Tamar Kamionkowski, writing in Torah Queeries, argues that these kashrut laws follow the story of Nadav and Avihu to further emphasize the importance of boundaries. She says:
As the parasha proceeds in great detail with lists and categories, with prohibition after prohibition, the acts of passion by Nadav and Avihu are lost, and the importance of maintaining clear boundaries with regard to flesh emerges victorious.
A queer reading, one that engages the text by focusing on culturally imposed boundaries and categories and the advantages and disadvantages of transgressing those boundaries, helps us to see that it is not happenstance that the dietary laws follow the story of Nadav and Avihu. Like the swing of a pendulum, the dietary laws are the response, the text’s way of imposing further restrictions and categories in a world in which people believed that chaos and death could ensue if there were not rigid classifications.
(page 138)
For Kamionkowski, the laws of kashrut are listed in Shmini to further reify the importance of boundaries and the dangers of passion. But a creative reading of the Kli Yakar can offer a different meaning to the juxtaposition of Nadav and Avihu’s deaths and the lists of permitted and forbidden animals.

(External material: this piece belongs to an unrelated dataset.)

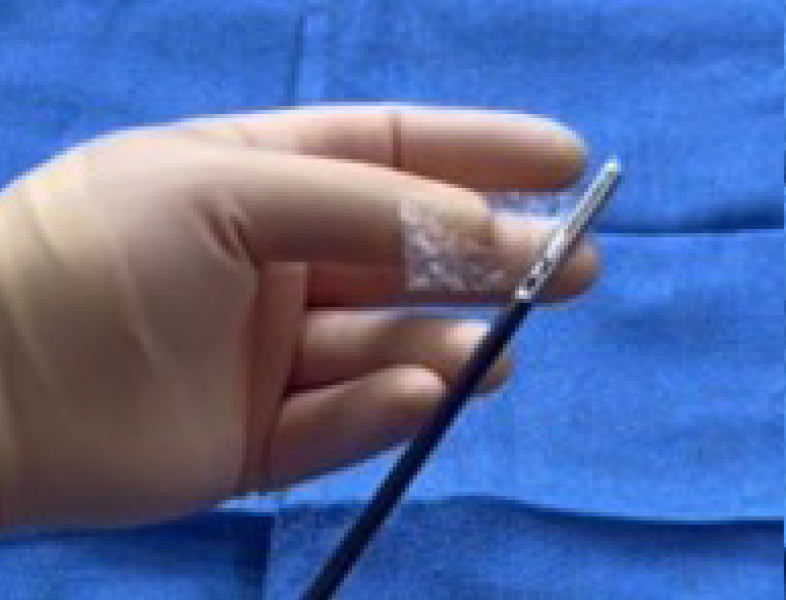 1. For a smaller sheet (e.g., 2 cm x 6 cm), grasp corner of allograft.

The Kli Yakar argues that by failing to wash their hands, Nadav and Avihu “היו חולין במקום קודש,” “they were mundane in a sacred place.” But the same word he uses for “mundane,” “חולין,” is the name of the Talmud tractate that details the laws of kashrut. It is called “Chullin” because it appears in the order of Kodashim, Holy Things, where all the other tractates deal with the sacred laws of the Temple. Kashrut is mundane, for everyone.
After Nadav and Avihu are burnt up for bringing too much of themselves, their passion, their firepans, their unsanctified bodies, into the Mishkan, the parsha dwells on “chullin.” These mundane animals, their bodies which are simply for our food, occupy substantial real estate in the parsha. The mitzvah of kashrut is all about this mundanity. It takes places outside of the Mishkan, inside our homes and our bodies. Nadav and Avihu might have been punished for bringing chullin into the kodesh, but we are then exhorted to engage with chullin to become kodesh.

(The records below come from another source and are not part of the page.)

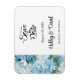 Speichern Sie den Date-Magneten wird in einem klassischen formalen Layout in der Farbe weiß angezeigt, mit schwarzem Text und Skripttext, der die Braut- und Gräuelnamen hervorhebt und mit einem Hydrangea-Blume-Druck akzentriert ist. Klicken Sie auf die Schaltfläche Anpassen, gehen Sie rechts zu den Textfeldern und ändern Sie den entsprechenden Text in Ihren Text. Lizenziertes Bild
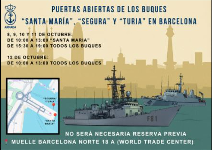 Esta flotilla de la Armada Española ha llegado a Barcelona para participar en la inauguración del Salón Náutico Internacional, coincidiendo además su estancia con la festividad de Nuestra Señora del Pilar y el Día de la Fiesta Nacional de España.
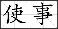 使 : 使shǐ用:使用。使劲。使役。使力。使钱。派,差谴:使唤。使命。使女。让,令,叫:迫使。假?
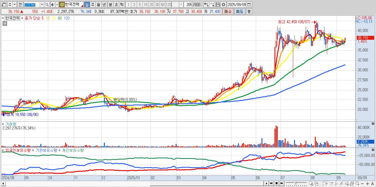 - 한국전력 (38,100원 ▲ 1.33% , 시총: 244,588억, 외국인 순매수 거래금:126억)
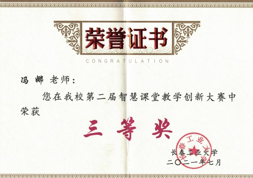 近日,白嫖社区 教师冯娜同志在长春工业大学第二届智慧课堂教学创新大赛中获得三等奖。
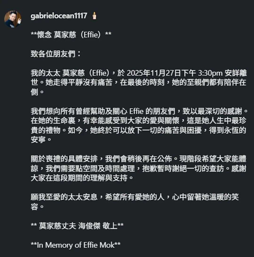 11月29日,TVB演员海俊杰在社交平台发文悼念妻子,透露太太莫家慈于 2025年11月27日下午3点30分安详离世,“她走得平静没有痛苦,在最后的时刻,她的至亲们都有陪伴在侧。” 有关丧礼的具体安排,海俊杰表示会稍后再作公布。

Kashrut is a way of bringing the holy into our lives, of orienting our very sustenance towards God’s will. Nadav and Avihu bring their messy lives into the Mishkan; kashrut is about bringing the Mishkan into our messy lives. That is where it belongs. Chullin is important.
What Parshat Shmini teaches us is that while we are asked to adhere to God’s will, it is also God’s will that God be in our lives, as we go about our days. God is in the Mishkan, where we might feel terror to enter, but God also wants to be with us as we sustain our unsanctified bodies. God wants to be part of our lives, not to engage with us only when we divest ourselves of everything we bring with us to the Sanctuary. We do not need to wash the mundane off of our hands to engage with God.
We do not need to have no passion to deserve the sacred.